Unfortunately, right now it's hideously buggy. Issue 247, a known bug with personas where the traffic light buttons disappear at times, is prominent in every window. I'd assimilate this as a feature except that it sometimes will partially paint them and sometimes not at all, so we'll have to find something that makes it better. The background colour of the window is wrong, too; it always appears inactive, so the tabs look like they're not attached to anything. Icons in the menus look totally screwed up though they appear properly in the main window, and it also has random crashes on some web pages that look like an interaction with the font code we had to hack. But it does build, it does link, and the chances of there being a TenFourFox 31ESR are now better than even money. Once the browser is halfway stable, I'm going to pull the beta and rewrite the changesets. (Ignore the Aurora livery; we don't have special TenFourFox livery for aurora builds since we rarely issue them.)
Linux users, my success is bad news for you, however: this means that bug 961488 which is preventing Firefox from running on Linux/ppc32 is Linux-specific (and possibly affects *BSD as well) because I didn't trigger it in TenFourFox. Hopefully one of you figures it out. I left a place to start looking in that bug.
While I've only used it briefly I'm pleasantly surprised to note that it doesn't perform badly, considering, since this is a debug build and only trivially optimized. It's obviously much more wasteful of screen real estate than 24, but this is what we have to live with, and there are themes to revert it for those of you who already know you won't like it. Personally, I don't like it either (on my 10.6 machine as well) because it smacks of Chrome and it's a bit gauche, but I can live with it, and there are admittedly some nice things about it.

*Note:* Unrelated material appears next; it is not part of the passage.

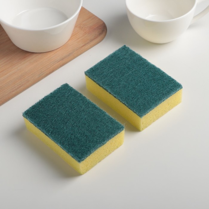 Губка для посуды имеет два слоя. Первый — абразивный. Второй — это поролон с антибактериальным покрытием, не оставляющий следов и повреждений, Именно он создаёт много пены для быстрого и качественного удаления грязи.
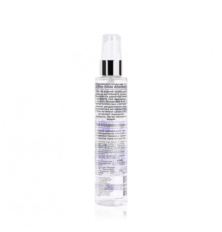 Прозрачный гель-лубрикант на водной основе Active Glide с аллантоином активно увлажняет слизистые половых органов, устраняет сухость влагалища, нормализует водный баланс, восполняет недостаток природной смазки, дарит комфортное длительное скольжение, снимает раздражение слизистых, способствует регенерации тканей, препятствует появлению микротравм. Входящий в его состав аллантоин обладает противовоспалительными и регенерирующими свойствами. Прекрасно смягчает и успокаивает раздражённую кожу и слизистую, помогает улучшить состояние и внешний вид половых органов. Аллантоин гипоаллергенен, поэтому может применяться даже для очень чувствительной кожи. Гель-лубрикант Active Glide с аллантоином обеспечивает бережный уход за интимными зонами женщин и мужчин. Не имеет цвета и запаха, легко смывается водой.

One final note of concern: there is a problem looming on the horizon, and it's another issue with our linker (issue 266); once again, Mozilla has overbloated XUL to the point where it won't link with our tools. The offender appears to be the newly-enabled International Components for Unicode support (which isn't in 24; this doesn't have anything to do with localization per se), which increases XUL by 10-20MB and makes the linker run out of room to link branches together. Mozilla does not install ICU support on Android or FirefoxOS, which is fortunate because therefore they must allow building without it and it's not likely it will be mandatory for Firefox 31ESR either, but we'll have to deal with the problem sooner or later because other future features might bulk the browser up too. If we can't link the browser, we can't build the browser, and we'd have to drop source parity.
Speaking of FirefoxOS, I did get it installed finally on the Geeksphone Revolution, which I have since christened the Revulsion because it sucks. In spite of the lousy hardware, however, FirefoxOS isn't bad at all; I'll have a review blog post up later this week. Still waiting for one last tool to do the service work on the G5, which I will also write up since I know some of you have asked about that too.